The second article in this series, using supermarket receipts as an example, described the specific process of Arithmetization. This article will be based on another example, while reviewing the Arithmetization process, the content will be extended to the polynomial LDT process.

New instance

Alice Claim: "I have 1000,000 numbers and they are all in the range [0,9]". In order to facilitate the verification of the verifier Bob, Alice first needs to perform Arithmetization transformation on Claim. The process is shown in Figure 1 below (in the figure: the black arrow represents the main flow, the red arrow represents additional explanatory information, and the yellow circle corresponds to the index detailed below)

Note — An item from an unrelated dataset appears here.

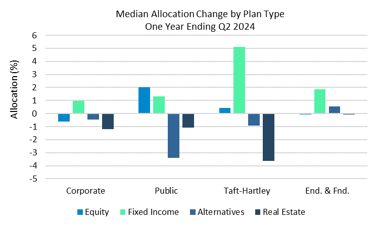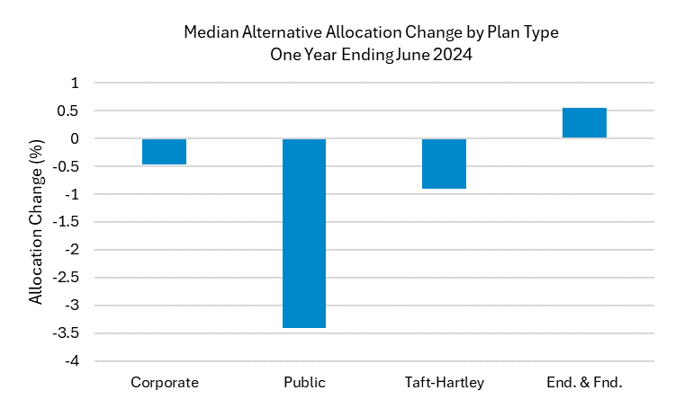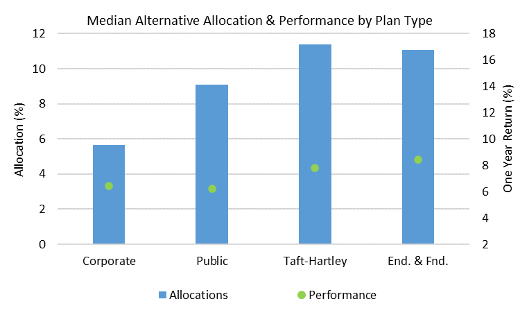 Endowments & Foundations, which posted the strongest performance over the last year, were the only plan type to increase their allocations to Alternatives during the last year. Public plans had the largest pullback to alternatives during the year, down over 3% at the median level.

The following details the corresponding process:

  1. First, the execution trace (EXCUTE TRACE) is generated. In fact, it is a table with a total of 1000,000 rows (in fact, in order to achieve the purpose of zero knowledge, some random values ​​need to be added after the execution trace. The specific number is The prover and verifier are coordinated and decided, as an extension, not specifically described);
  2. Generate polynomial constraints (Polynomial Constrains), polynomial constraints satisfy each line of the execution trajectory (personal understanding: step 1, 2 does not have a certain sequential dependency relationship, but it is customary to generate the execution trajectory first, then generate the constraint polynomial);
  3. Interpolate the execution trajectory to obtain a polynomial P (x) with a degree less than 1000,000, and the value of x is [1,1000,000], and calculate the value at more points. The value range of x is expanded to [1,1000 , 000,000] (Reed-Solomen system coding); if the prover has a value that is not in the range of [0,9] (shown by red line 1/2 in the figure), if it is the 1000,000th point, its actual value It is 13, greater than 9, and the curve G (x) after interpolation is shown in the figure. In the figure, P (x) is a valid curve and G (x) is an invalid curve. It can be seen that the two curves have a maximum of 1,000,000 intersections in the range of the value of the variable x [1,1000,000,000], that is, 1000,000,000-1000,000 points are different, which is very important.
  4. Combine the interpolated polynomials P (x) and polynomial constraints to transform them into the final form:

Q (P (x)) = Ψ (x) * T (x), where T (x) = (x-1) (x-2) … (x-1000,000), x takes the value [1, 1000,000,000]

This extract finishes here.